====== Records for this exercise

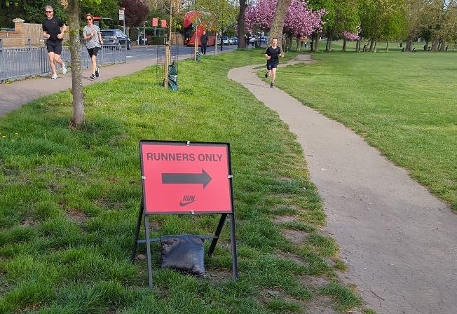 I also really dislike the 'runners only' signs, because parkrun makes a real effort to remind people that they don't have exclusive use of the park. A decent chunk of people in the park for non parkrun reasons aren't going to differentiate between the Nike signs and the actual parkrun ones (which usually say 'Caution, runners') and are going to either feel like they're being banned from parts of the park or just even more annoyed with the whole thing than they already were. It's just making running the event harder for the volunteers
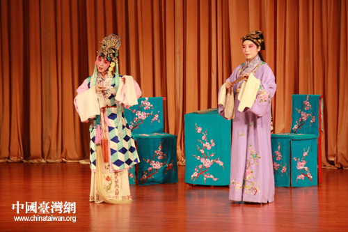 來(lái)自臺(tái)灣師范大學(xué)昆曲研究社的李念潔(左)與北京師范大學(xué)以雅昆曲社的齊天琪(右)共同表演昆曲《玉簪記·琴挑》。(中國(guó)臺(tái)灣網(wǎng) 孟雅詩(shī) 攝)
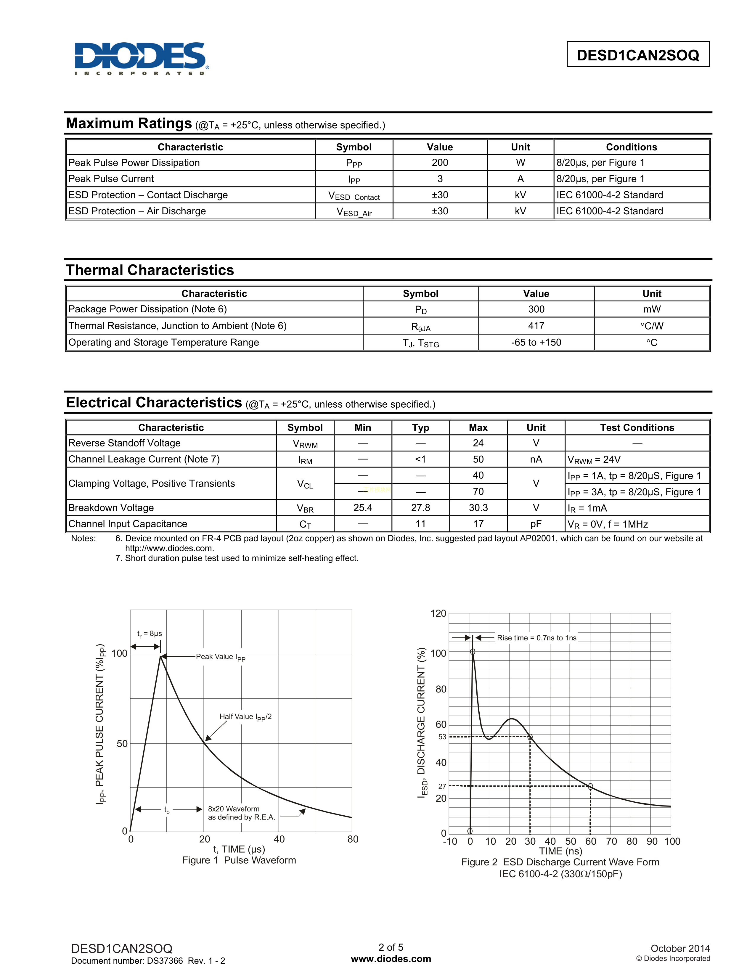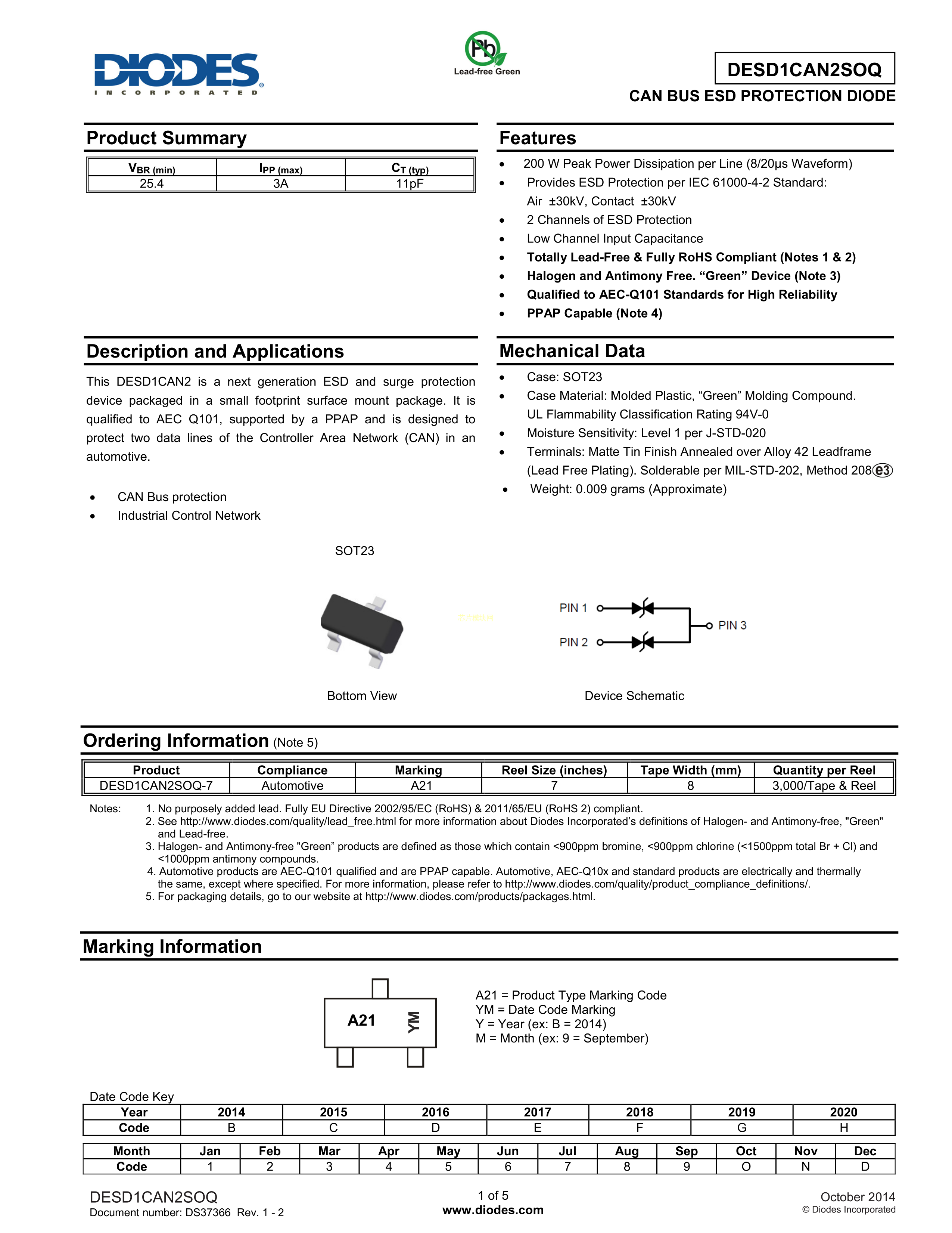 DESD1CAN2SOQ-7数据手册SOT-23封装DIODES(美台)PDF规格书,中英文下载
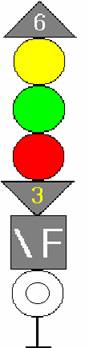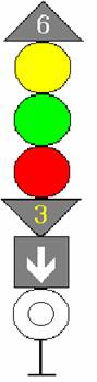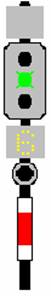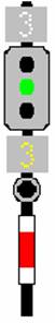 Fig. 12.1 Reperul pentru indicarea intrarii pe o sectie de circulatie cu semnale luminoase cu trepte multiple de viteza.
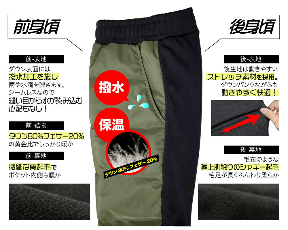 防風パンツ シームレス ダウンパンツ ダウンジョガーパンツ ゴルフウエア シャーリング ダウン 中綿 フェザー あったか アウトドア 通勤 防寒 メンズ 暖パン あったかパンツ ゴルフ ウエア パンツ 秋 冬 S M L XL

============

Copy all records exactly, no images.

Reply:
 I also really dislike the 'runners only' signs, because parkrun makes a real effort to remind people that they don't have exclusive use of the park. A decent chunk of people in the park for non parkrun reasons aren't going to differentiate between the Nike signs and the actual parkrun ones (which usually say 'Caution, runners') and are going to either feel like they're being banned from parts of the park or just even more annoyed with the whole thing than they already were. It's just making running the event harder for the volunteers
 來(lái)自臺(tái)灣師范大學(xué)昆曲研究社的李念潔(左)與北京師范大學(xué)以雅昆曲社的齊天琪(右)共同表演昆曲《玉簪記·琴挑》。(中國(guó)臺(tái)灣網(wǎng) 孟雅詩(shī) 攝)
 DESD1CAN2SOQ-7数据手册SOT-23封装DIODES(美台)PDF规格书,中英文下载
 Fig. 12.1 Reperul pentru indicarea intrarii pe o sectie de circulatie cu semnale luminoase cu trepte multiple de viteza.
 防風パンツ シームレス ダウンパンツ ダウンジョガーパンツ ゴルフウエア シャーリング ダウン 中綿 フェザー あったか アウトドア 通勤 防寒 メンズ 暖パン あったかパンツ ゴルフ ウエア パンツ 秋 冬 S M L XL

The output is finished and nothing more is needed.